Occasionally when I run TensorFlow using a single GPU but in a multiple GPU setup, the code will execute on one GPU, but allocate memory on another. This, for obvious reasons, causes a major slowdown.
As an example, see the below result of nvidia-smi
. Here, a collegue of mine is using gpus 0 and 1 (processes 32918 and 33112), and I start TensorFlow with the following commands (before import tensorflow)
os.environ["CUDA_DEVICE_ORDER"] = "PCI_BUS_ID"
os.environ["CUDA_VISIBLE_DEVICES"] = str(gpu_id)
where gpu_id = 2, 3 and 4 respectively for my three processes.

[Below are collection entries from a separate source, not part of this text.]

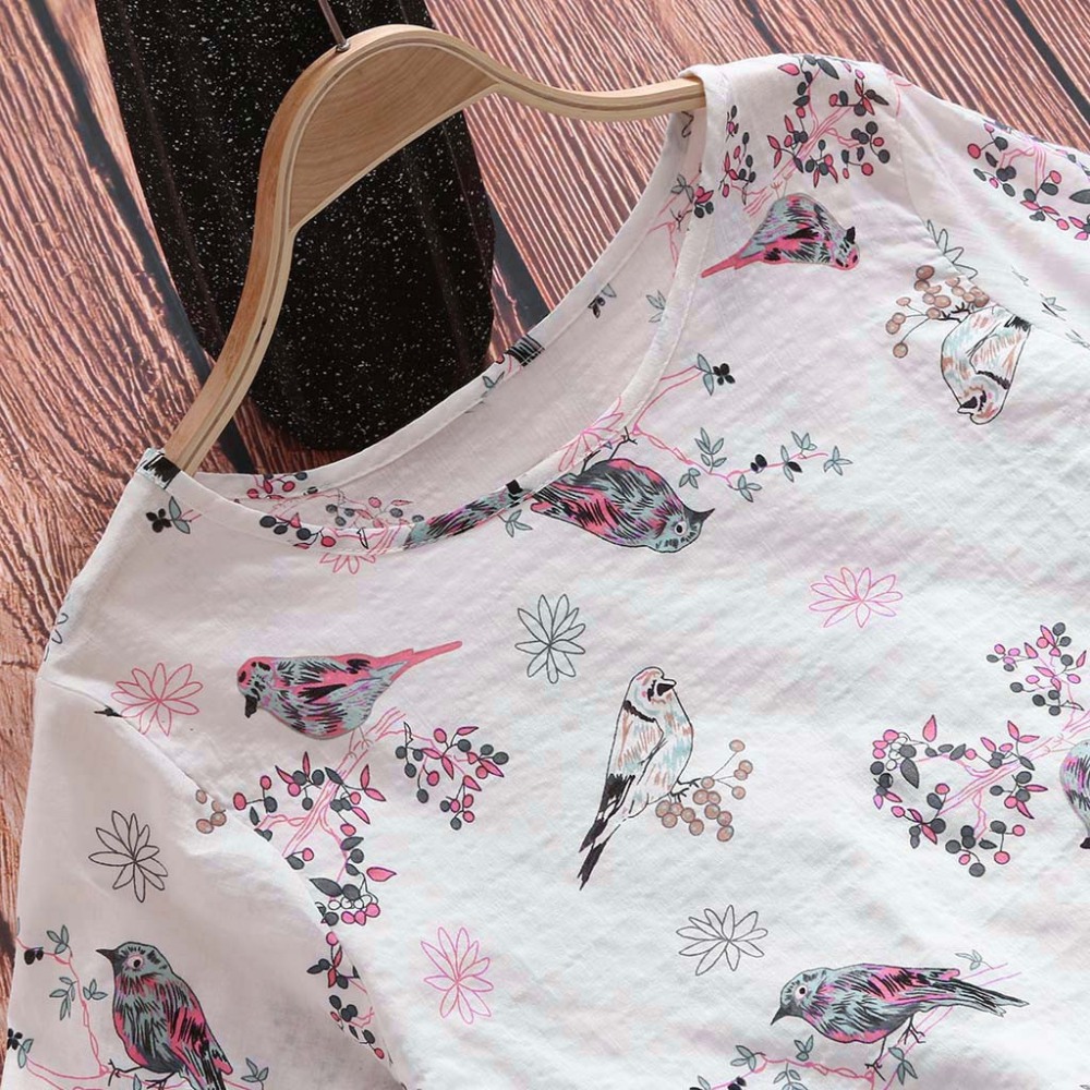 Retro Cotton and Linen Printed Short-Sleeved Casual Loose T-Shirt Women
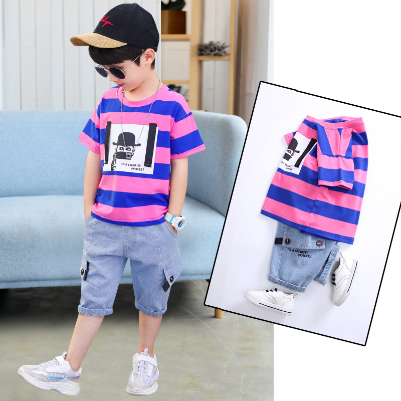 Boy summer suit 2021 new foreign style 6 children's suit 7 summer 8 boy 9 handsome two-piece set 12-year-old tide suit
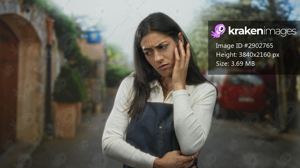 Woman hispanic young holding hand to cheek on a narrow street wearing denim apron with furrowed brow and arm across chest; pain help.
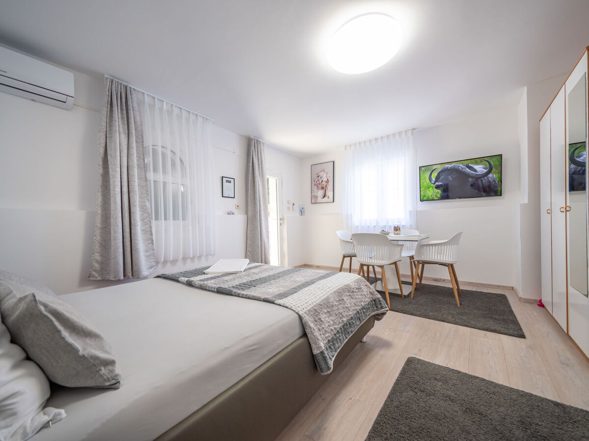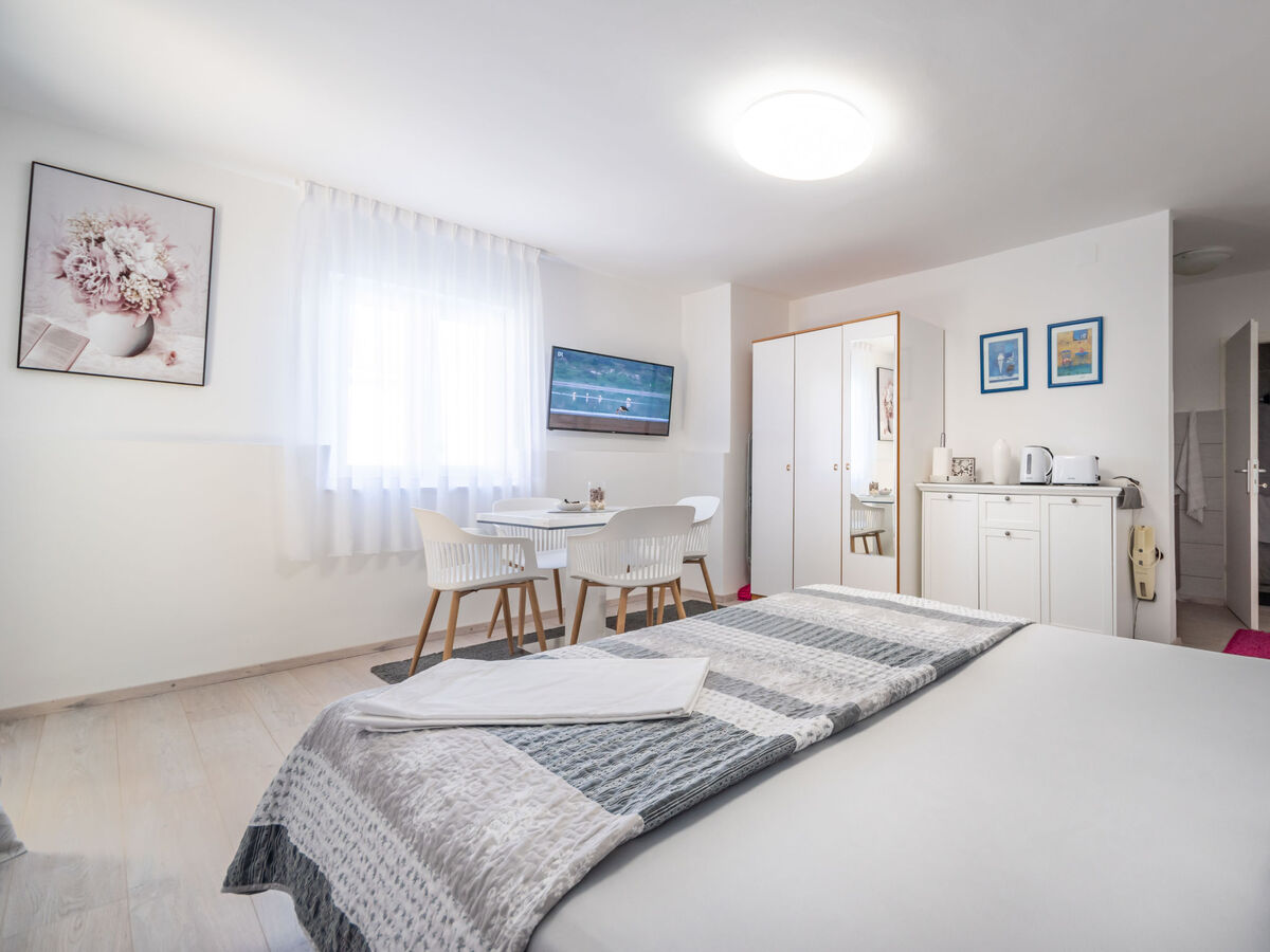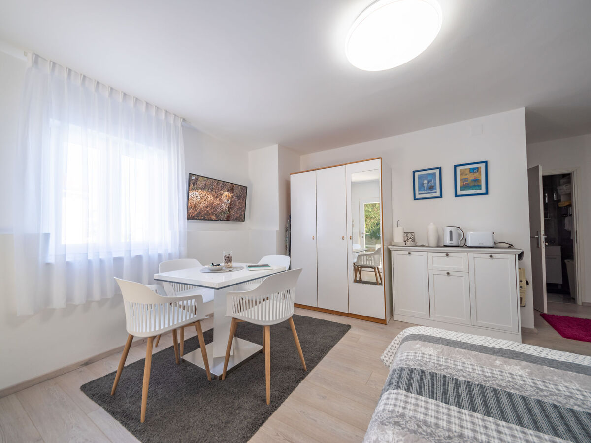 Séjour/chambre à coucher avec 1 grand-lit (160 cm, longueur 200 cm), table pour les repas, coin-cuisine et TV (satellite) (écran plat), air-conditionné.
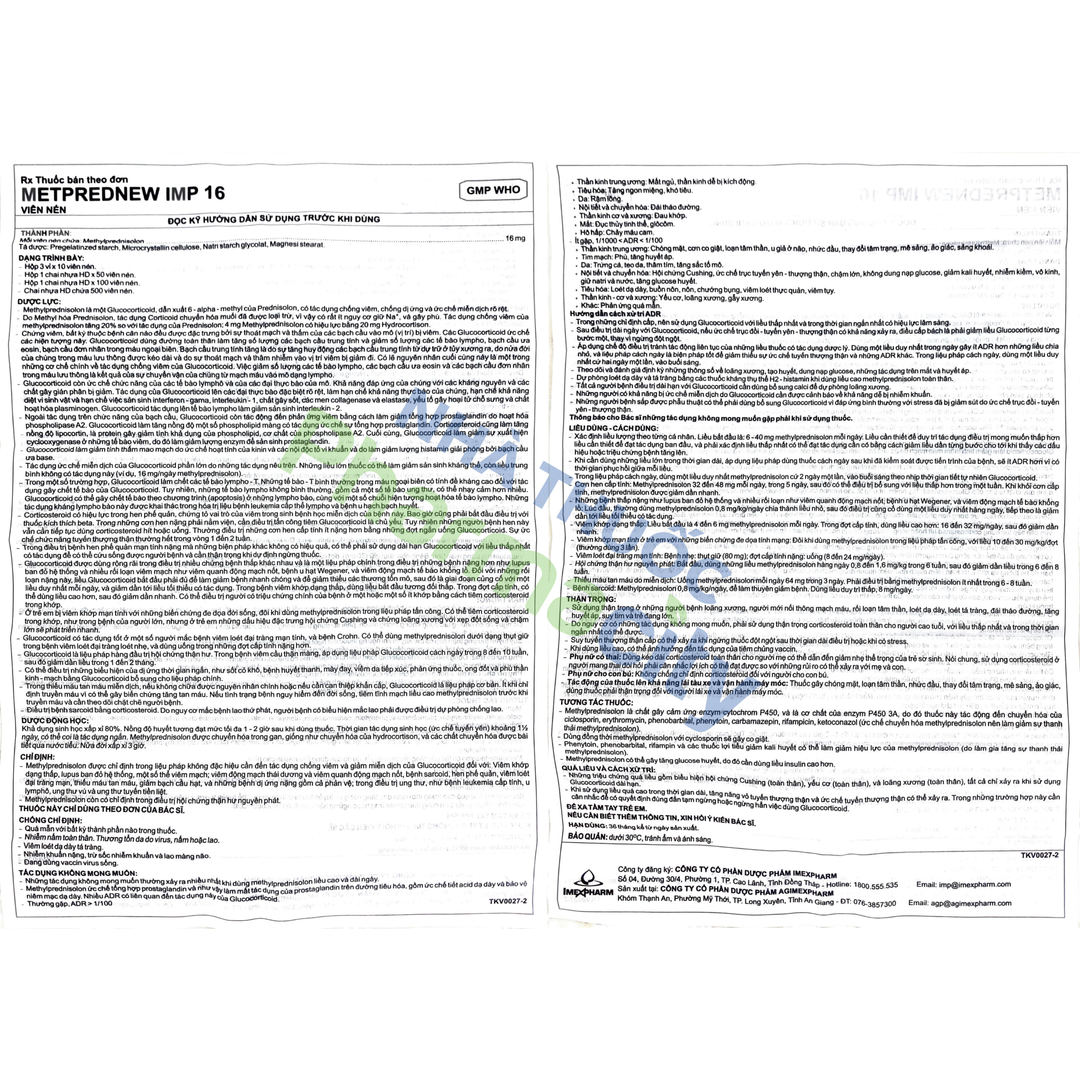 Metprednew IMP 16 là một loại thuốc corticosteroid chứa Methylprednisolone. Thuốc được sử dụng để điều trị các tình trạng viêm và dị ứng như viêm khớp, các bệnh tự miễn, và dị ứng nặng. Methylprednisolone giúp giảm viêm, sưng, và các phản ứng dị ứng bằng cách ức chế hệ miễn dịch.

As we can see, the memory is correctly allocated on gpus 2, 3 and 4 but the code is executed somewhere else! In this case, on gpus 0, 1 and 7.
Wed May 17 17:04:01 2017
+-----------------------------------------------------------------------------+
| NVIDIA-SMI 367.48 Driver Version: 367.48 |
|-------------------------------+----------------------+----------------------+
| GPU Name Persistence-M| Bus-Id Disp.A | Volatile Uncorr. ECC |
| Fan Temp Perf Pwr:Usage/Cap| Memory-Usage | GPU-Util Compute M. |
|===============================+======================+======================|
| 0 Tesla K80 Off | 0000:04:00.0 Off | 0 |
| N/A 41C P0 75W / 149W | 278MiB / 11439MiB | 100% Default |
+-------------------------------+----------------------+----------------------+
| 1 Tesla K80 Off | 0000:05:00.0 Off | 0 |
| N/A 36C P0 89W / 149W | 278MiB / 11439MiB | 100% Default |
+-------------------------------+----------------------+----------------------+
| 2 Tesla K80 Off | 0000:08:00.0 Off | 0 |
| N/A 61C P0 58W / 149W | 6265MiB / 11439MiB | 0% Default |
+-------------------------------+----------------------+----------------------+
| 3 Tesla K80 Off | 0000:09:00.0 Off | 0 |
| N/A 42C P0 70W / 149W | 8313MiB / 11439MiB | 0% Default |
+-------------------------------+----------------------+----------------------+
| 4 Tesla K80 Off | 0000:84:00.0 Off | 0 |
| N/A 51C P0 55W / 149W | 8311MiB / 11439MiB | 0% Default |
+-------------------------------+----------------------+----------------------+
| 5 Tesla K80 Off | 0000:85:00.0 Off | 0 |
| N/A 29C P0 68W / 149W | 0MiB / 11439MiB | 0% Default |
+-------------------------------+----------------------+----------------------+
| 6 Tesla K80 Off | 0000:88:00.0 Off | 0 |
| N/A 31C P0 54W / 149W | 0MiB / 11439MiB | 0% Default |
+-------------------------------+----------------------+----------------------+
| 7 Tesla K80 Off | 0000:89:00.0 Off | 0 |
| N/A 27C P0 68W / 149W | 0MiB / 11439MiB | 33% Default |
+-------------------------------+----------------------+----------------------+
+-----------------------------------------------------------------------------+
| Processes: GPU Memory |
| GPU PID Type Process name Usage |
|=============================================================================|
| 0 32918 C python 274MiB |
| 1 33112 C python 274MiB |
| 2 34891 C ...sadl/anaconda3/envs/tensorflow/bin/python 6259MiB |
| 3 34989 C ...sadl/anaconda3/envs/tensorflow/bin/python 8309MiB |
| 4 35075 C ...sadl/anaconda3/envs/tensorflow/bin/python 8307MiB |
+-----------------------------------------------------------------------------+
It seems that tensorflow, for some reason, is partially ignoring the "CUDA_VISIBLE_DEVICES" option.
I am not using any device placement commands in the code.
This was experianced with TensorFlow 1.1 running on ubuntu 16.04 and has happend to me across a range of different scenarios.
Is there some known scenario in which this could happen? If so, is there anything I can do about it?